**Records provided**:
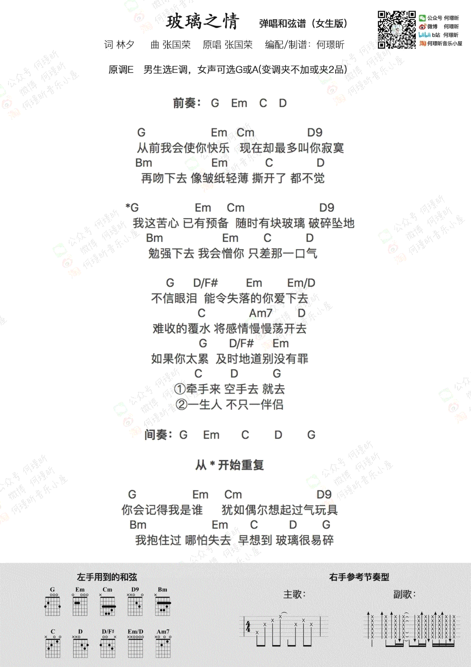 曲谱介绍: 《玻璃之情》吉他谱,张国荣的一首经典粤语歌曲,不信眼泪,能令失落的你爱下去,难收的覆水,将感情漫漫荡开去。玻璃之情吉他弹唱和弦谱,何Z昕编配分享,随谱附上弹唱演示视频打谱啦网整理上传。编配说明:老师做了两个版本的谱子~男生版和女生版。原版是E调,但考虑到可能大部分朋友不熟悉E调的和弦(也比较多横按)所以就给男生们准备了C调的指法,男生们可以变调夹从2-4品试过去,找到自己合适的音高,原调的话就是夹4品~女生版是G调指法,但G调对于我来说有点低,所以我夹了2品变调夹唱的是A调的音高~
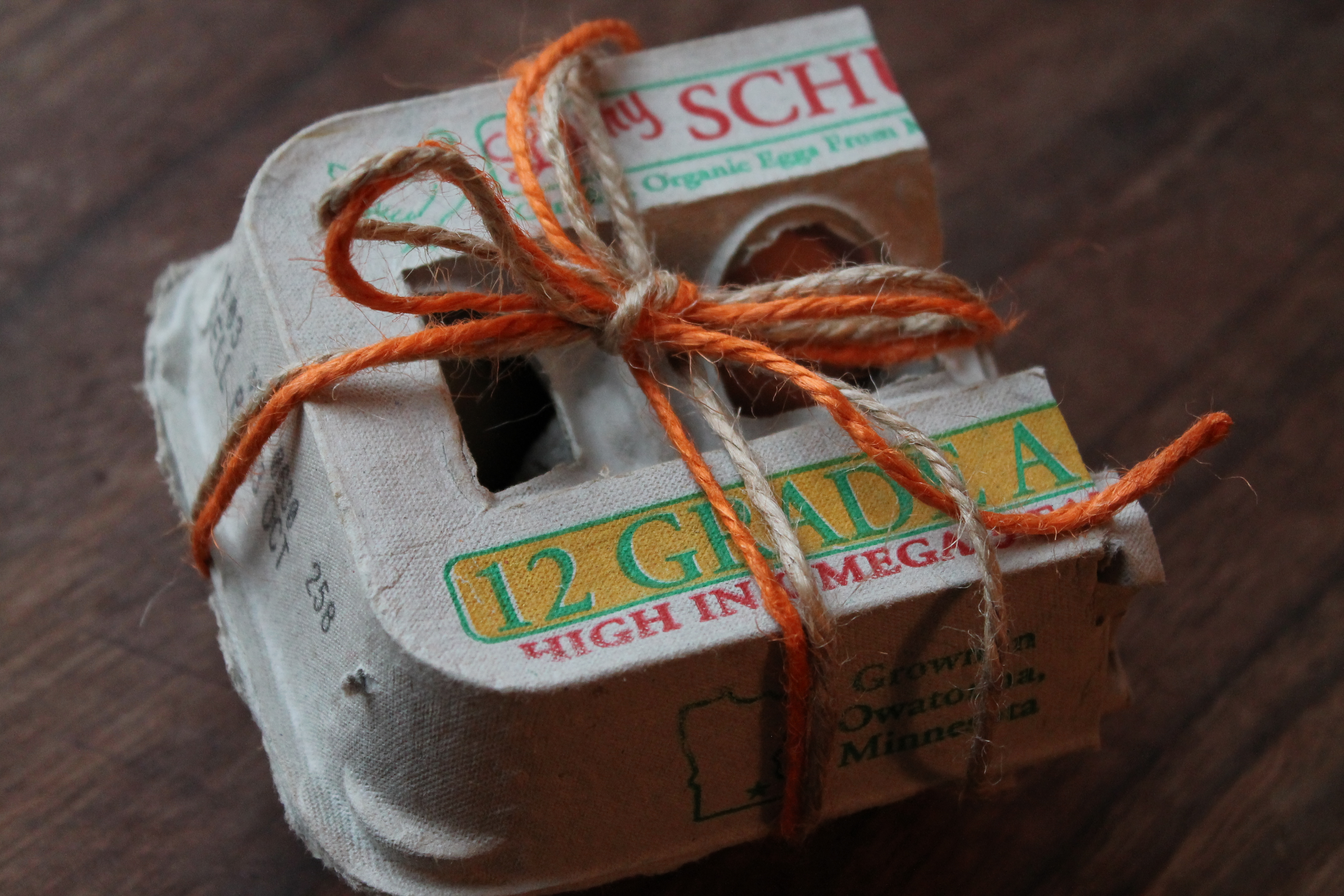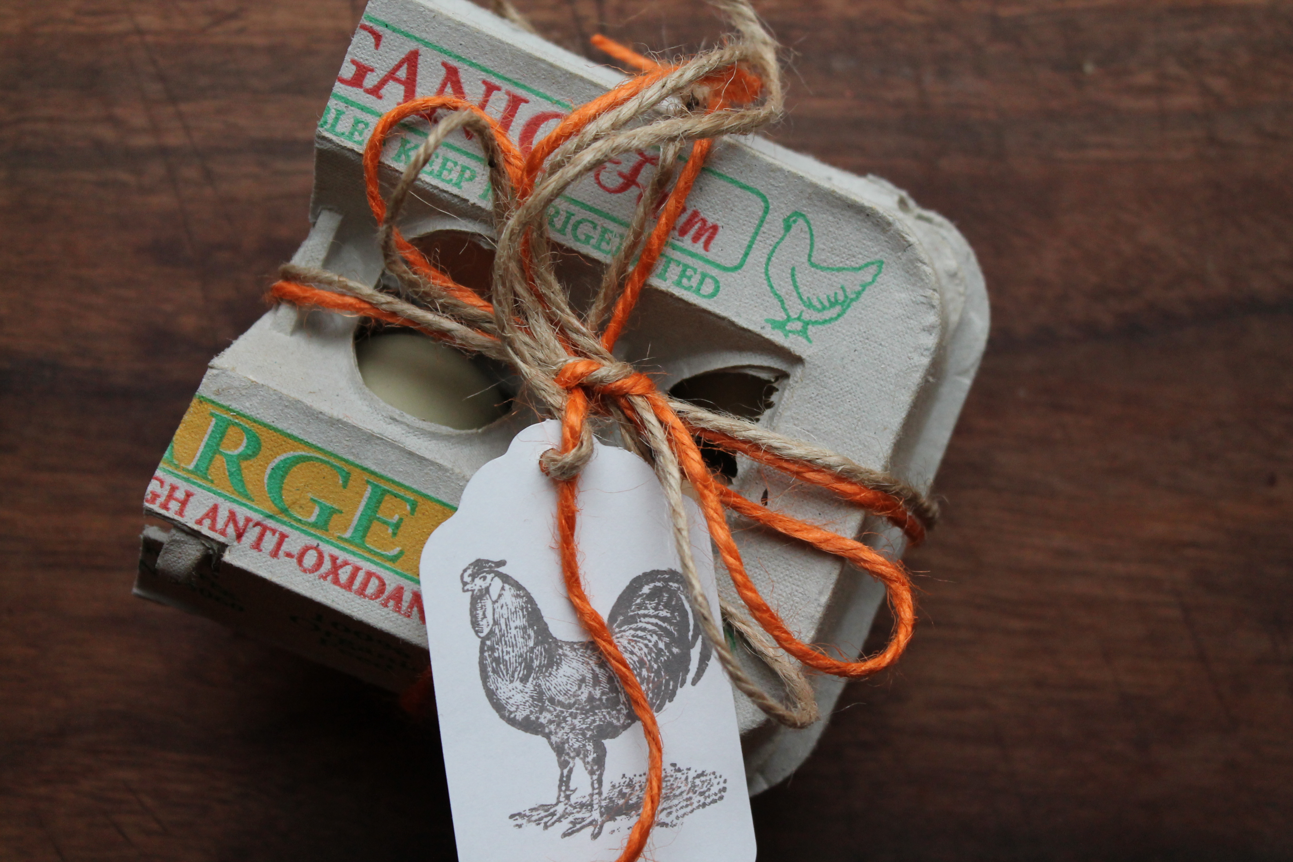 I utilized some of my holiday wrapping to put together lovely four packs of eggs. I’ve been saving cartons from the grocery store for months and cut them into thirds. Carefully making sure each small carton contains a variety of colors, I placed the eggs inside and closed the top.
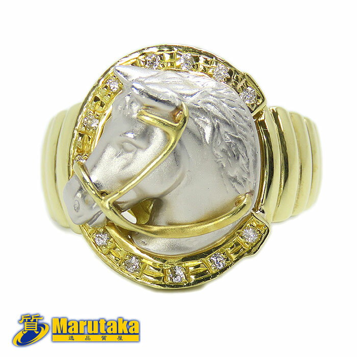【中古】K18Pt900馬ホースリング16号...
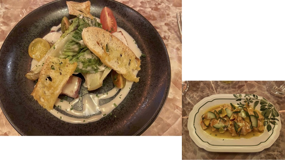 Ne vous précipitez pas, même si elle est excellente, sur la grosse boule de pain à tremper dans un godet d’huile d’olive : les 3 portions qui suivent sont généreuses et esthétiques.
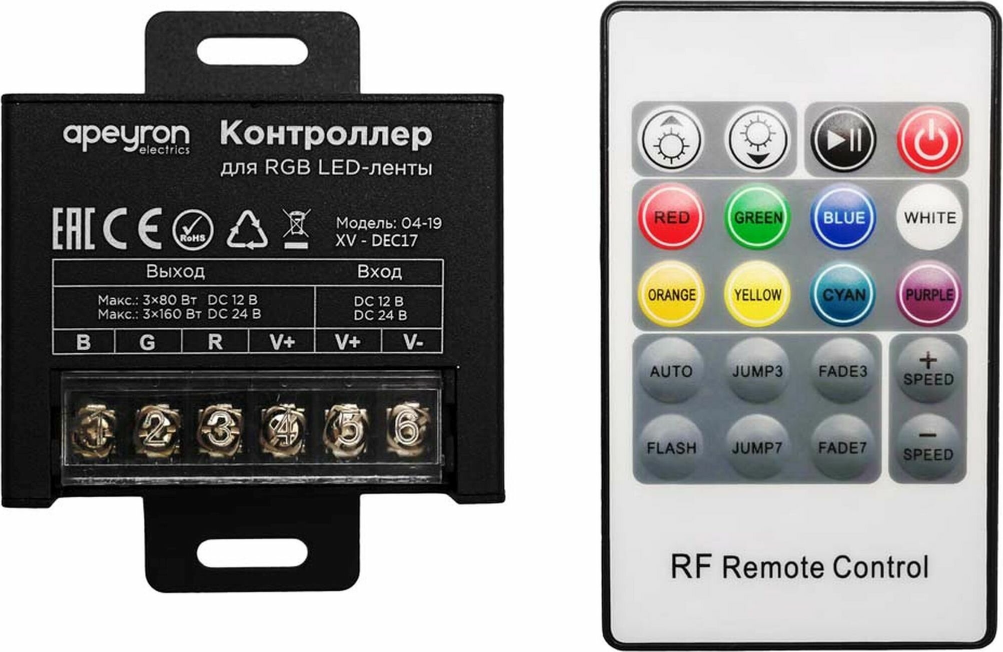 Контроллер RGB Apeyron с пультом 12/24V 04-19
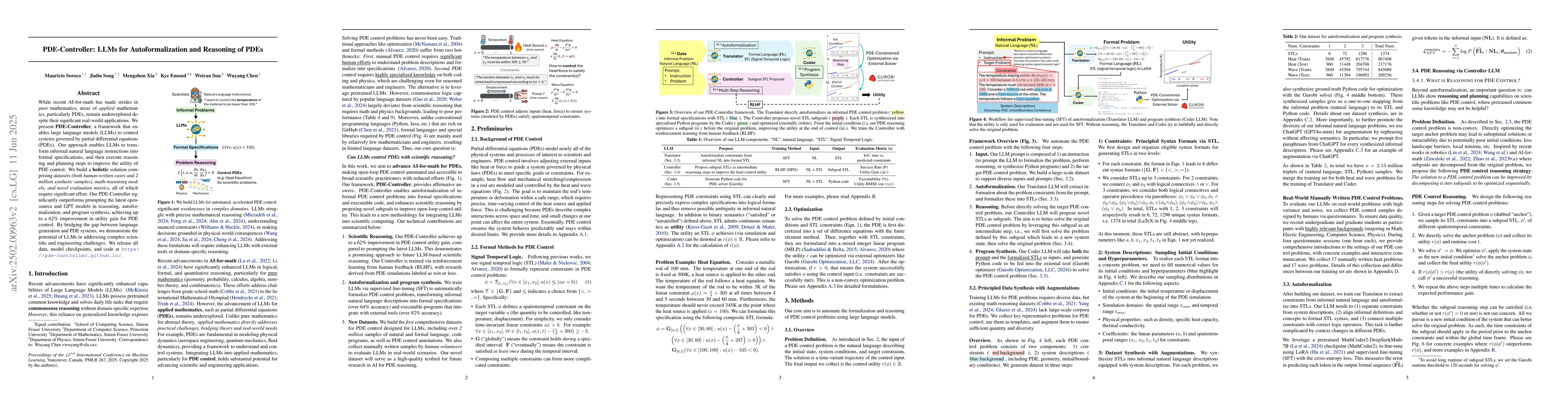 While recent AI-for-math has made strides in pure mathematics, areas of applied mathematics, particularly PDEs, remain underexplored despite their significant real-world applications. We present PDE-Controller, a framework that enables large language models (LLMs) to control systems governed by partial differential equations (PDEs). Our approach enables LLMs to transform informal natural language instructions into formal specifications, and then execute reasoning and planning steps to improve the utility of PDE control. We build a holistic solution comprising datasets (both human-written cases and 2 million synthetic samples), math-reasoning models, and novel evaluation metrics, all of which require significant effort. Our PDE-Controller significantly outperforms prompting the latest open source and GPT models in reasoning, autoformalization, and program synthesis, achieving up to a 62% improvement in utility gain for PDE control. By bridging the gap between language generation and PDE systems, we demonstrate the potential of LLMs in addressing complex scientific and engineering challenges. We release all data, model checkpoints, and code at https://pde-controller.github.io/.
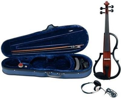 -. Title : GEWA 4/4 Electric Violin Outfit Red brown trans + Case + Bow + Headphones
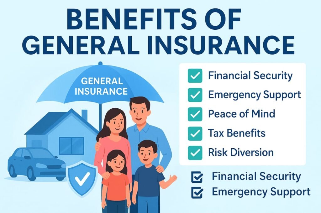 General Insurance = किसी भी तरह के Financial Loss से Protection, चाहे वह Health हो, Vehicle हो, Property हो या Travel।
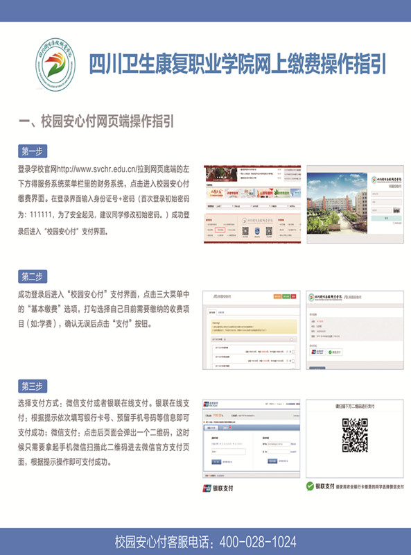 1.线上缴费:各位同学可以通过登录学校官网、关注学校官方微信平台、下载“校园安心付”APP等三种方式进行线上缴费(操作流程指引见附件)。
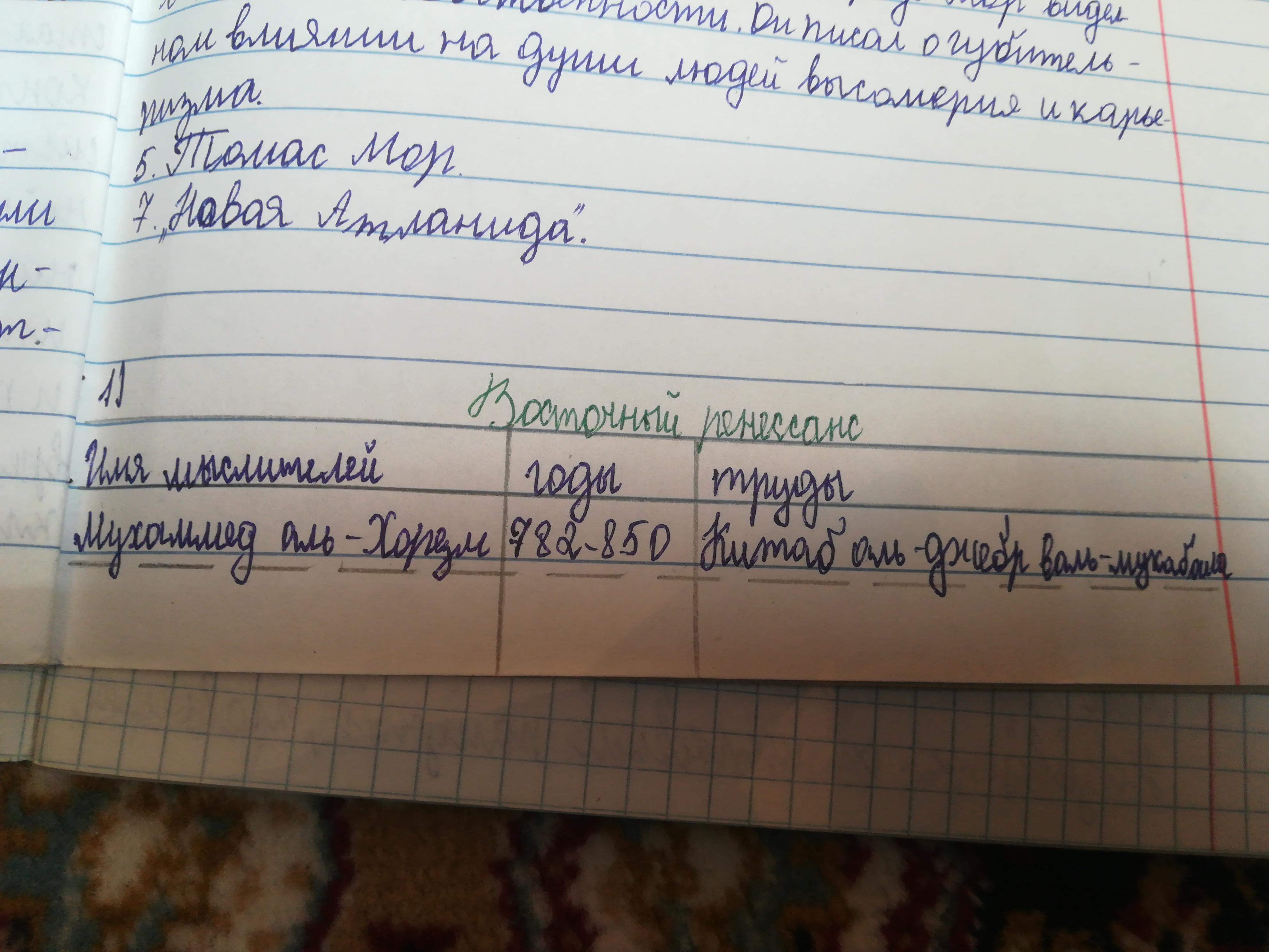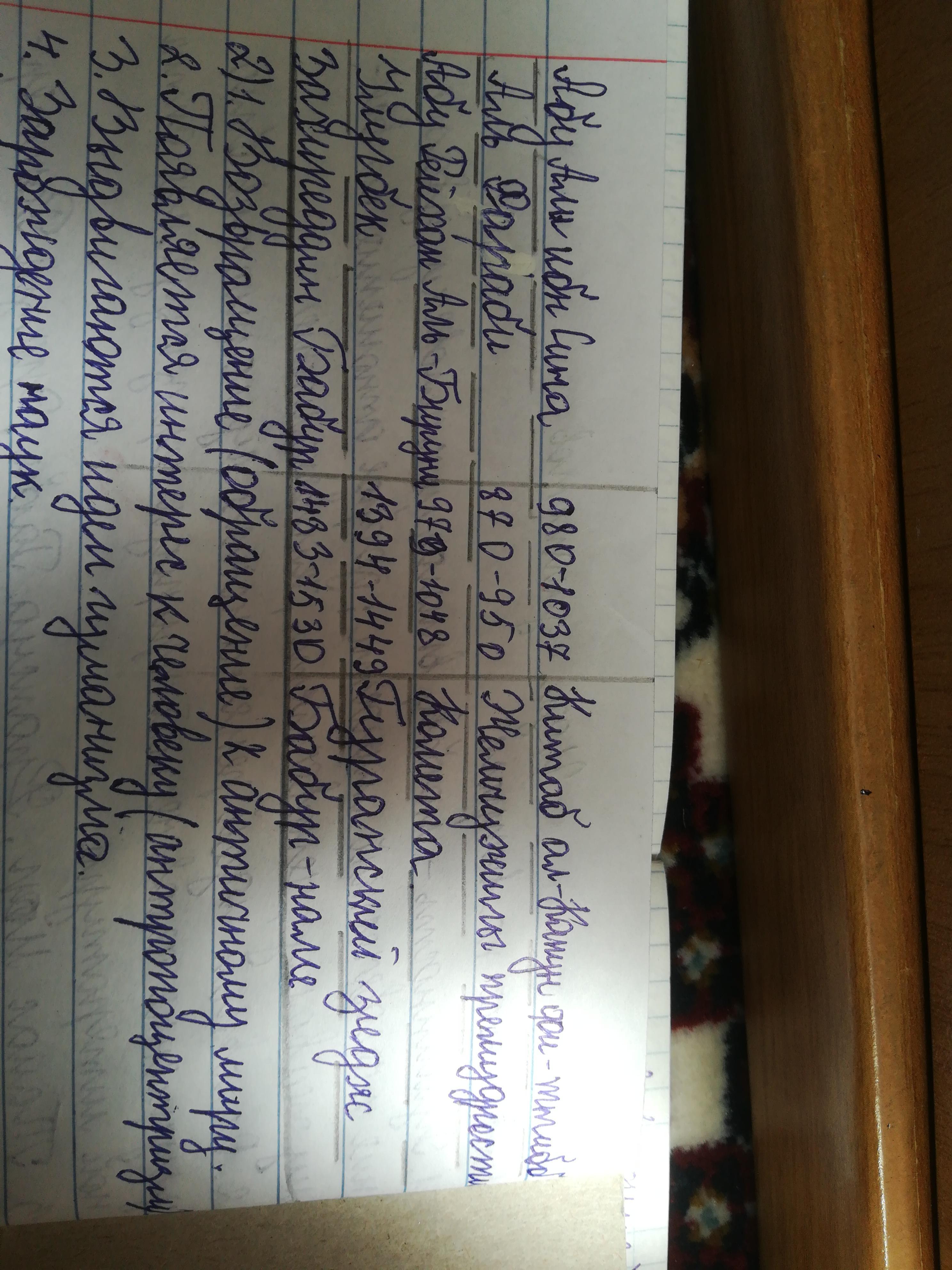 заполните таблицу: Деятель: Аль-Фараби, Абу-Али инб Сина, Абу Рейхан Аль-Бируни, Зихиреддин Мухаммед Бабур.

**Your assignment**: The records above are to be restated exactly, with all pictures omitted.

**Reply to the exercise**:
 曲谱介绍: 《玻璃之情》吉他谱,张国荣的一首经典粤语歌曲,不信眼泪,能令失落的你爱下去,难收的覆水,将感情漫漫荡开去。玻璃之情吉他弹唱和弦谱,何Z昕编配分享,随谱附上弹唱演示视频打谱啦网整理上传。编配说明:老师做了两个版本的谱子~男生版和女生版。原版是E调,但考虑到可能大部分朋友不熟悉E调的和弦(也比较多横按)所以就给男生们准备了C调的指法,男生们可以变调夹从2-4品试过去,找到自己合适的音高,原调的话就是夹4品~女生版是G调指法,但G调对于我来说有点低,所以我夹了2品变调夹唱的是A调的音高~
 I utilized some of my holiday wrapping to put together lovely four packs of eggs. I’ve been saving cartons from the grocery store for months and cut them into thirds. Carefully making sure each small carton contains a variety of colors, I placed the eggs inside and closed the top.
【中古】K18Pt900馬ホースリング16号...
 Ne vous précipitez pas, même si elle est excellente, sur la grosse boule de pain à tremper dans un godet d’huile d’olive : les 3 portions qui suivent sont généreuses et esthétiques.
 Контроллер RGB Apeyron с пультом 12/24V 04-19
 While recent AI-for-math has made strides in pure mathematics, areas of applied mathematics, particularly PDEs, remain underexplored despite their significant real-world applications. We present PDE-Controller, a framework that enables large language models (LLMs) to control systems governed by partial differential equations (PDEs). Our approach enables LLMs to transform informal natural language instructions into formal specifications, and then execute reasoning and planning steps to improve the utility of PDE control. We build a holistic solution comprising datasets (both human-written cases and 2 million synthetic samples), math-reasoning models, and novel evaluation metrics, all of which require significant effort. Our PDE-Controller significantly outperforms prompting the latest open source and GPT models in reasoning, autoformalization, and program synthesis, achieving up to a 62% improvement in utility gain for PDE control. By bridging the gap between language generation and PDE systems, we demonstrate the potential of LLMs in addressing complex scientific and engineering challenges. We release all data, model checkpoints, and code at https://pde-controller.github.io/.
 -. Title : GEWA 4/4 Electric Violin Outfit Red brown trans + Case + Bow + Headphones
 General Insurance = किसी भी तरह के Financial Loss से Protection, चाहे वह Health हो, Vehicle हो, Property हो या Travel।
 1.线上缴费:各位同学可以通过登录学校官网、关注学校官方微信平台、下载“校园安心付”APP等三种方式进行线上缴费(操作流程指引见附件)。
 заполните таблицу: Деятель: Аль-Фараби, Абу-Али инб Сина, Абу Рейхан Аль-Бируни, Зихиреддин Мухаммед Бабур.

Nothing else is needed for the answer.